··· Extracted material

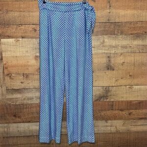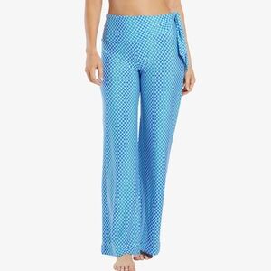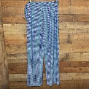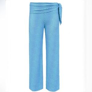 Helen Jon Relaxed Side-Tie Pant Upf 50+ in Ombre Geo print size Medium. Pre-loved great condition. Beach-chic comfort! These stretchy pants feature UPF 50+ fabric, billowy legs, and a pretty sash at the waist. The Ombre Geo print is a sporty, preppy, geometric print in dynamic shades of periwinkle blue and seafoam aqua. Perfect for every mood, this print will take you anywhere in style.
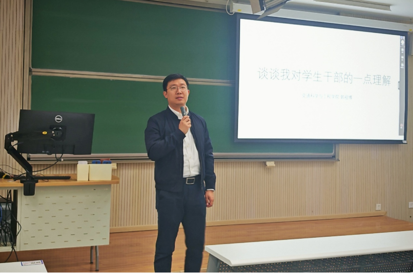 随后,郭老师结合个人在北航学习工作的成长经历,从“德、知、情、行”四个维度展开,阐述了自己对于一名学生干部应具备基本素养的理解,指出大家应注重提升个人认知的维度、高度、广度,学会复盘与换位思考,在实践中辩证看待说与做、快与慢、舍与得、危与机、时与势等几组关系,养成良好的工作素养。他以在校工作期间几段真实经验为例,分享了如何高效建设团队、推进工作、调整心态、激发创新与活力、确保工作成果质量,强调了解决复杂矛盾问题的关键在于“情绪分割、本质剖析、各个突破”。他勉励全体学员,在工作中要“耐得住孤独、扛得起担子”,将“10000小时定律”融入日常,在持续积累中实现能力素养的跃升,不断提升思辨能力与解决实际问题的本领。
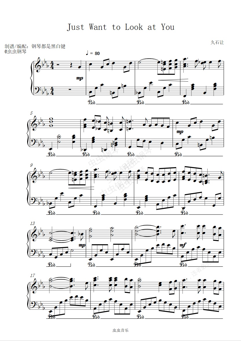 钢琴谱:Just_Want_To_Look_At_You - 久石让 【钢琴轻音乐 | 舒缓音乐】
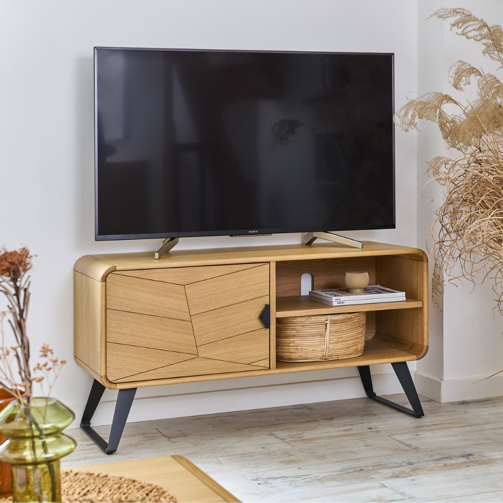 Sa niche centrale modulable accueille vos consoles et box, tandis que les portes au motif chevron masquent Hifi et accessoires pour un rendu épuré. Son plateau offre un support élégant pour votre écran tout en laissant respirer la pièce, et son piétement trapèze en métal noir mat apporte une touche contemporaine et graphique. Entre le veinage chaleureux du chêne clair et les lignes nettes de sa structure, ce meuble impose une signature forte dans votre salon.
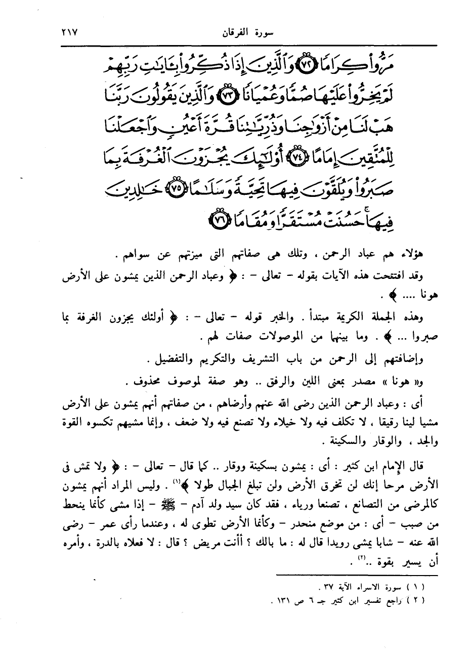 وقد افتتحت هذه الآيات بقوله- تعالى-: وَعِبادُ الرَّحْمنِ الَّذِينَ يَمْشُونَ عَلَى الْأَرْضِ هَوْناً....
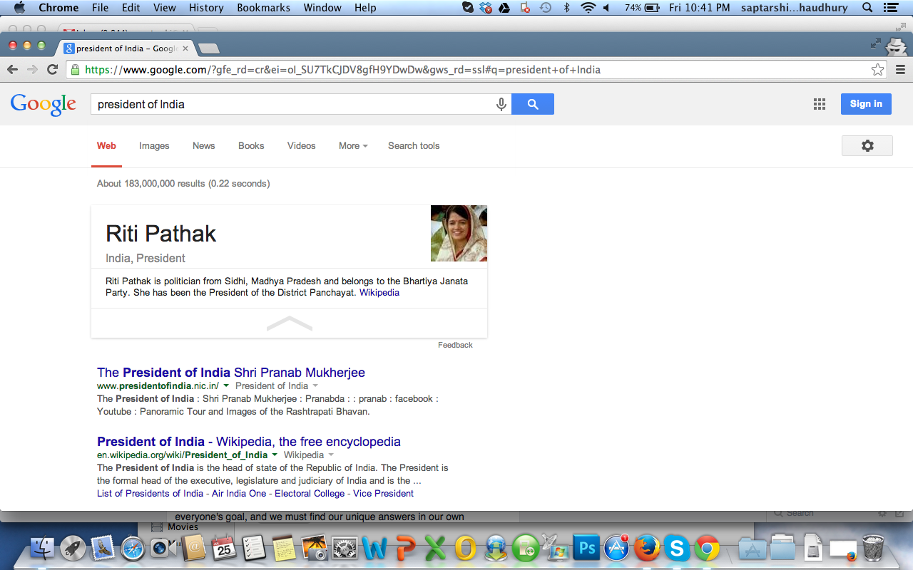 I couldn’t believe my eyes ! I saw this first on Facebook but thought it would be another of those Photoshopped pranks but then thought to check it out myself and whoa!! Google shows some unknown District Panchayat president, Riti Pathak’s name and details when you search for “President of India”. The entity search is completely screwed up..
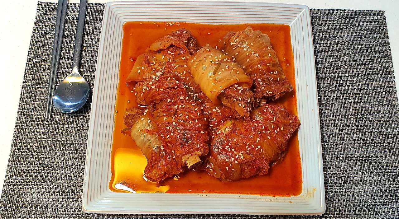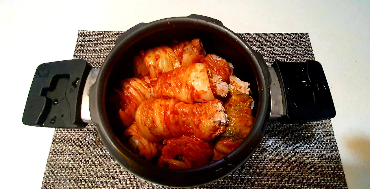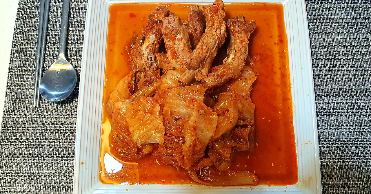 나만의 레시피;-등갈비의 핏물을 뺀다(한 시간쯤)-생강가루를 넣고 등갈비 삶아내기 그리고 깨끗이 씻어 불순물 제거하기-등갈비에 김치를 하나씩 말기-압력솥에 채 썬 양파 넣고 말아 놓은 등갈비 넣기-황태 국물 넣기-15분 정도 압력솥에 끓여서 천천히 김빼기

······
··· Extracted material

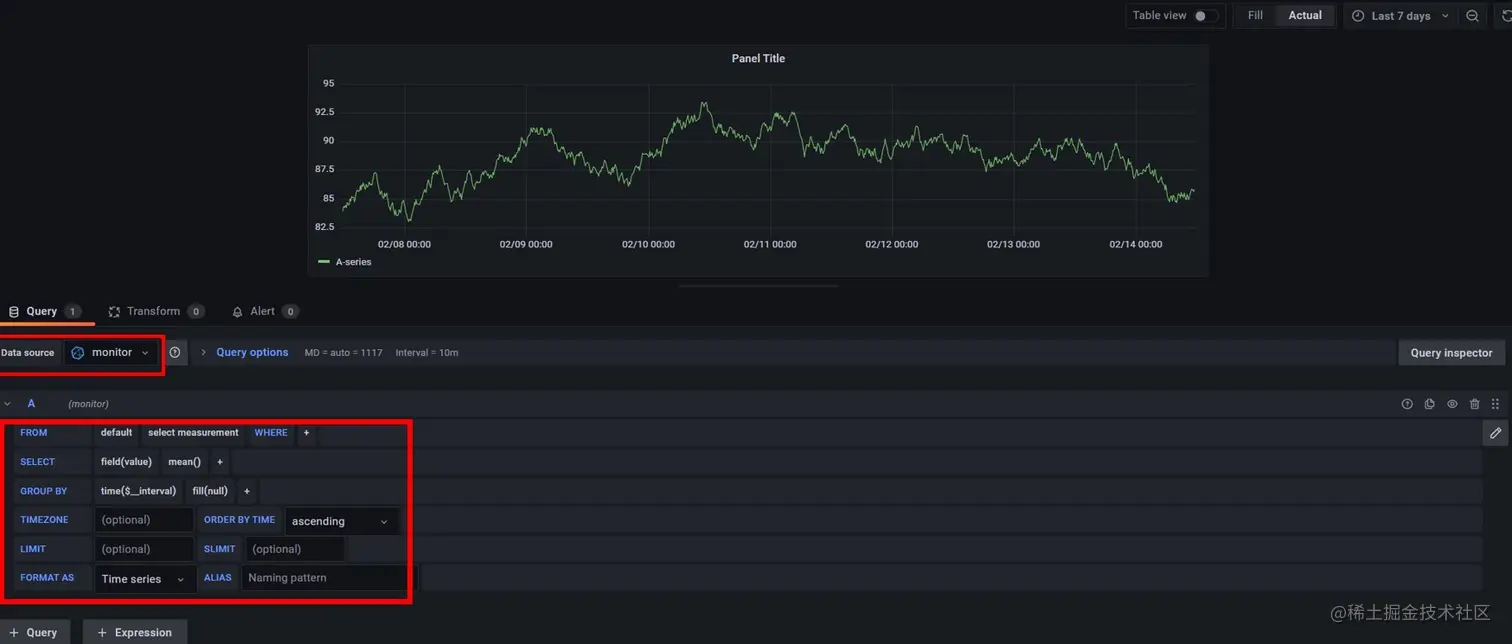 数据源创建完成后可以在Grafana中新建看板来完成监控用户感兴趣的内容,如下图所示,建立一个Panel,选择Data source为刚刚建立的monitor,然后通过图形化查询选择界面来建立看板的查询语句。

······
··· Extracted material

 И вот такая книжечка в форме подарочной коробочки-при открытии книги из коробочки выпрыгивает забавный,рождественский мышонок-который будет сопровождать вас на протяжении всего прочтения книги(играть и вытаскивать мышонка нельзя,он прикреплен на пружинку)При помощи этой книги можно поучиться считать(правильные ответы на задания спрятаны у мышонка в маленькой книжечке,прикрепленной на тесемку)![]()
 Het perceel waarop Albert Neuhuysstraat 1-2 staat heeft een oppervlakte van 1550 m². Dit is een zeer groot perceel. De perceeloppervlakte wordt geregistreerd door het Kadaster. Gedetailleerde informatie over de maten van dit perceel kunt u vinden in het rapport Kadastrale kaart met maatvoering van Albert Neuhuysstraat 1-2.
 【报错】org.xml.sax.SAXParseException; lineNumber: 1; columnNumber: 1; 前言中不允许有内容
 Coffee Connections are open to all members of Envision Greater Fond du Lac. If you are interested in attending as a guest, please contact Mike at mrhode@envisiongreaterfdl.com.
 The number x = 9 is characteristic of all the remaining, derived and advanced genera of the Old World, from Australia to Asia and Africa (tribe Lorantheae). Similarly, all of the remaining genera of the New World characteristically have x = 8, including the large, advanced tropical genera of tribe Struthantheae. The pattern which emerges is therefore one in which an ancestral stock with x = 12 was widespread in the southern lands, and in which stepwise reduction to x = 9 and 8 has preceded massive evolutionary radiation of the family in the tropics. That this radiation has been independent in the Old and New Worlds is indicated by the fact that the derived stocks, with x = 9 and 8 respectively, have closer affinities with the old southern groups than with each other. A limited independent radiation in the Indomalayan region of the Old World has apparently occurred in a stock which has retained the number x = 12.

······

- Exercise -
Starting with the line with "Coffee Connections are" above and going on through the line with "The number x = 9", transcribe every line exactly, both ends included, and add nothing.

- Result of this exercise -
 Coffee Connections are open to all members of Envision Greater Fond du Lac. If you are interested in attending as a guest, please contact Mike at mrhode@envisiongreaterfdl.com.
 The number x = 9 is characteristic of all the remaining, derived and advanced genera of the Old World, from Australia to Asia and Africa (tribe Lorantheae). Similarly, all of the remaining genera of the New World characteristically have x = 8, including the large, advanced tropical genera of tribe Struthantheae. The pattern which emerges is therefore one in which an ancestral stock with x = 12 was widespread in the southern lands, and in which stepwise reduction to x = 9 and 8 has preceded massive evolutionary radiation of the family in the tropics. That this radiation has been independent in the Old and New Worlds is indicated by the fact that the derived stocks, with x = 9 and 8 respectively, have closer affinities with the old southern groups than with each other. A limited independent radiation in the Indomalayan region of the Old World has apparently occurred in a stock which has retained the number x = 12.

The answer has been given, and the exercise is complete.